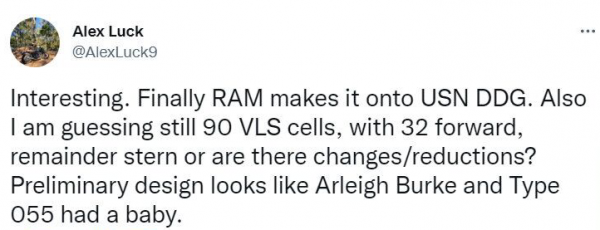 美国海军20年来没有新平台大规模入役,在解放军大量服役055型驱逐舰的今天,DDGX一经亮相,就引发了很多讨论。由于DDGX的未来版本采用了隐身设计和传统的飞剪艏,不少美国网民戏称,DDGX长得就想“阿利·伯克和055的私生子”。
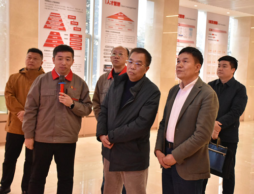 慰問團(tuán)一行人首先參觀了公司的黨建和企業(yè)展廳,黎福超向慰問團(tuán)一行人介紹了公司黨建工作、企業(yè)生產(chǎn)經(jīng)營和發(fā)展規(guī)劃等情況。
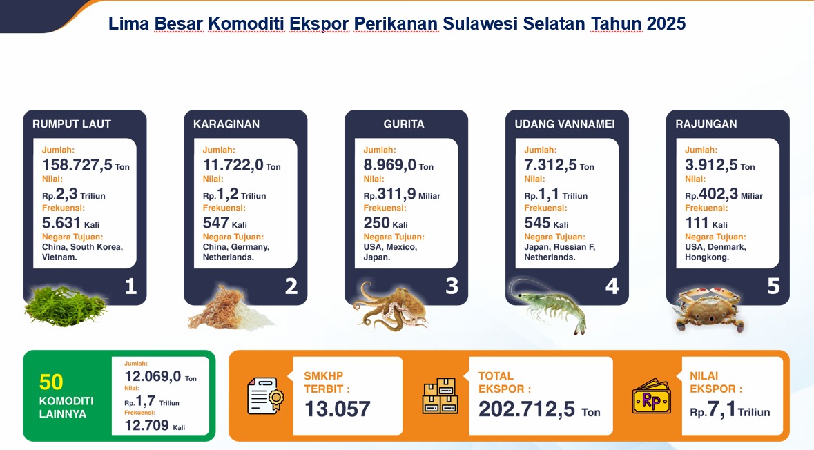 Tahun 2025 menjadi tonggak penting bagi ekonomi perikanan Sulawesi Selatan. Data menunjukkan bahwa sektor ini tidak hanya besar, tetapi juga terus tumbuh secara berkelanjutan. Volume Ekspor: 202.712,5 Ton | Nilai Ekspor: Rp 7,1 Triliun | Pertumbuhan: +0,8% (vs 2024)
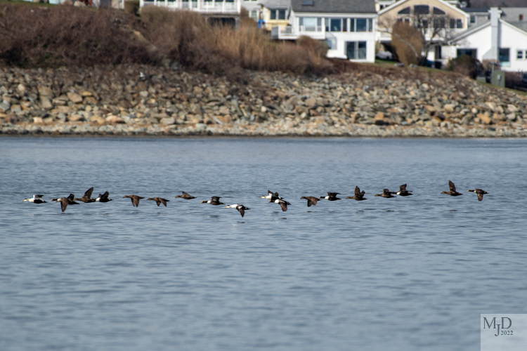 Everyone is watching for the spring arrivals and the migrants who stop to rest before continuing their trips. We are also getting our last looks at the wintering ducks that are disappearing as they migrate north to breed. These pictures are from Plum Island Sound on the southern end of the island. All the birds seemed to be in motion that day, going in and out of the sound. This is part of a large flock of Common Eider flying by the Great Neck area of Ipswich Massachusetts.
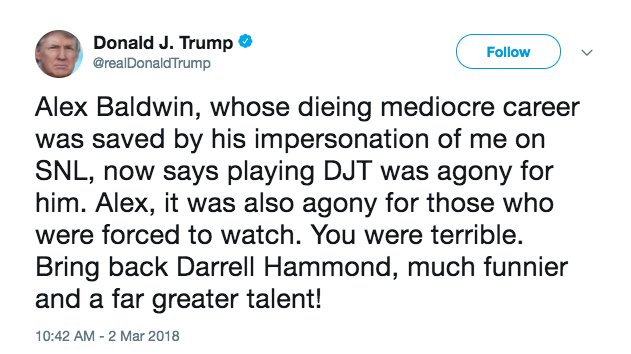 He's more upset about an actor than a school shooting that killed 17 people. Sad.
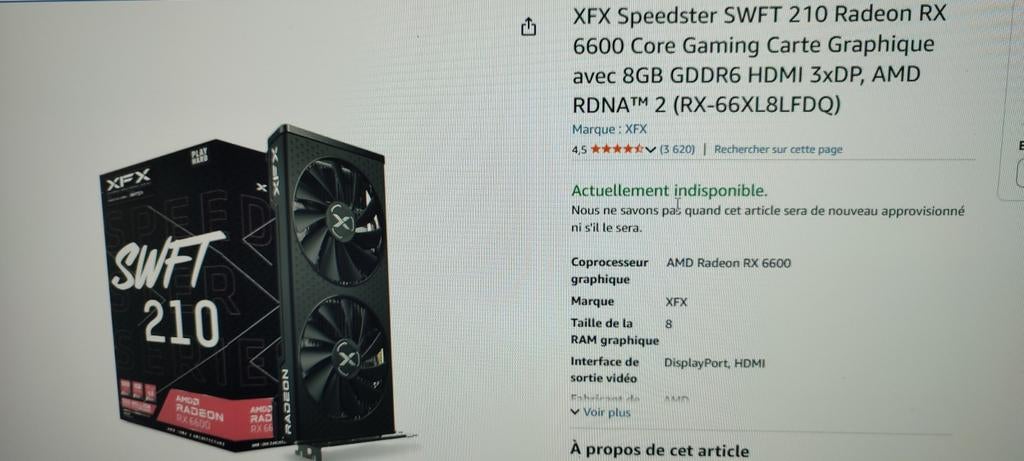 31 mars 26Jérôme MarchandAnhee - ASRock - AMD Radeon RX 5500 XT 8GB Challenger - OC EditionCarte graphique asrock - amd radeon rx 5500 xt 8gb challenger - oc edition. Utilisé pendant 3ans ; en bon état. Elle est capable de faire encore tourner la majorité des jeux actuels tel que baldur gatUtilisé Enlèvement ou Envoi

■ **Exercise**
Give back the entire listing verbatim, without the pictures.

■ **Response area**
 美国海军20年来没有新平台大规模入役,在解放军大量服役055型驱逐舰的今天,DDGX一经亮相,就引发了很多讨论。由于DDGX的未来版本采用了隐身设计和传统的飞剪艏,不少美国网民戏称,DDGX长得就想“阿利·伯克和055的私生子”。
 慰問團(tuán)一行人首先參觀了公司的黨建和企業(yè)展廳,黎福超向慰問團(tuán)一行人介紹了公司黨建工作、企業(yè)生產(chǎn)經(jīng)營和發(fā)展規(guī)劃等情況。
 Tahun 2025 menjadi tonggak penting bagi ekonomi perikanan Sulawesi Selatan. Data menunjukkan bahwa sektor ini tidak hanya besar, tetapi juga terus tumbuh secara berkelanjutan. Volume Ekspor: 202.712,5 Ton | Nilai Ekspor: Rp 7,1 Triliun | Pertumbuhan: +0,8% (vs 2024)
 Everyone is watching for the spring arrivals and the migrants who stop to rest before continuing their trips. We are also getting our last looks at the wintering ducks that are disappearing as they migrate north to breed. These pictures are from Plum Island Sound on the southern end of the island. All the birds seemed to be in motion that day, going in and out of the sound. This is part of a large flock of Common Eider flying by the Great Neck area of Ipswich Massachusetts.
 He's more upset about an actor than a school shooting that killed 17 people. Sad.
 31 mars 26Jérôme MarchandAnhee - ASRock - AMD Radeon RX 5500 XT 8GB Challenger - OC EditionCarte graphique asrock - amd radeon rx 5500 xt 8gb challenger - oc edition. Utilisé pendant 3ans ; en bon état. Elle est capable de faire encore tourner la majorité des jeux actuels tel que baldur gatUtilisé Enlèvement ou Envoi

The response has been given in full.